Saturday, March 03, 2007

Breaking News! - "Schoolroom" Found!!

I'm so jazzed, I can hardly stand it!

Over on my author web site (, I recently revamped my Stealth and Wealth contest. I think it's been up for only a little over a week. The contest features various stolen paintings with a matching game to their artist. Norman Rockwell's "Russian Schoolroom," one of the featured stolen paintings has JUST been found! You'll never guess who had the Rockwell that's been missing since 1973--the famous movie director, Steven Spielberg!!!

The Associated Press reports that Spielberg bought the painting in 1989 from a legitimate dealer. But last week one of his staff spotted the painting listed on the FBI's "most wanted" art page. The Hollywood director was notified, and he ordered the authorities to be called. An FBI agent and an art expert examined the painting and found it to be authentic.

The no-longer-missing Rockwell as valued at $700,000. Wow! That's a sizeable chunk of change, but the report says that Spielberg and his staff didn't flinch a second at reporting what they had. Big thumbs up for Mr. Spielberg.

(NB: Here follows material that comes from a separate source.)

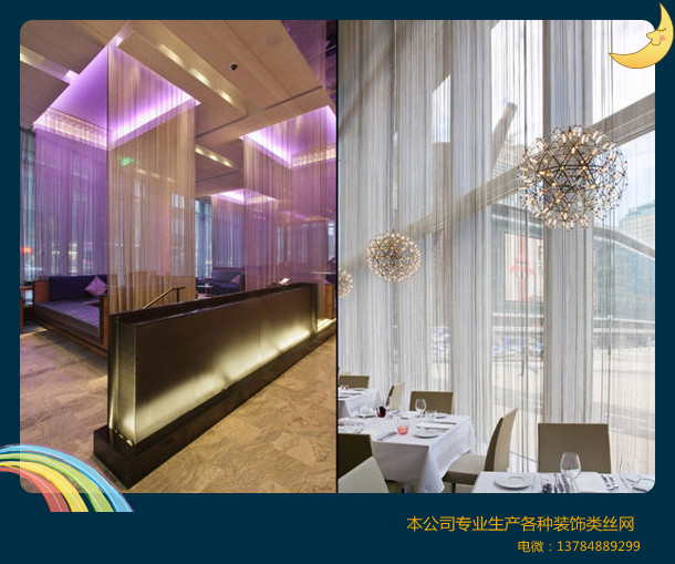 室内装饰用金属丝网,金属装饰丝网(金属编织网)是由金属棒材及金属缆线或者金属线材编织而成,表面具有织物纹样的装饰效果。由于有多种编织方法,孔眼的风格也呈现不同效果,可根据客户要求用不用的金属材质制作,常用的金属材料分为铝合金、铜、不锈钢等。百度一下,金属装饰丝网。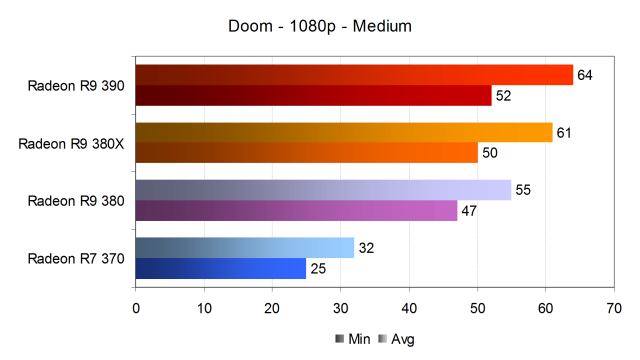 Мы не рассматривали настройки ниже среднего уровня, так как предполагали, что даже самая слабая видеокарта Radeon R7 370 должна была справиться со средними настройками в Full HD-разрешении. Традиционно для нашего сайта мы обязательно проверяем режим максимального (в данном случае — почти, так как настройки Nightmare можно выставить лишь на системах с более чем 4 ГБ видеопамяти) качества рендеринга, как самый востребованный вариант среди игровых энтузиастов. Рассмотрим сначала наиболее популярное Full HD-разрешение при средних настройках качества.

There are oodles of more details about the theft, sightings and disappearances since it was taken over three decades ago, and now the recovery. I find the information fascinating. If you do, too, you can go to this web address and read more:

Hearing about stuff like this is pretty cool in itself, but to me it feels like a validation of the art theft aspects of my stories. FBI agents and civilian experts really do work together, and art really is recovered in the oddest ways.

Okay, I need to quit hyperventilating and go watch a tivoed episode of Criminal Minds.


Sally Bradley said...

Okay, Jill, I'm curious. Who do they think stole it? And when was it stolen and from who?

Jill said...

Good questions, Sally. I found no information on who they think stole it. I don't think that's known. It was taken in 1973 in a smash and grab heist from the Clayton Art Gallery in suburban St. Louis. It must have passed through several hands in order to have been auctioned in 1989 to Spielberg through a legitimate dealership. This is fairly typical of the art theft world. Pieces disappear for decades and then are found in unlikely places. Spielberg may get to keep the painting since the Clayton Art Gallery is defunct, and he bought it legitimately.

Sally Bradley said...

Thanks, Jill. And I thought every heist was like something from the movies!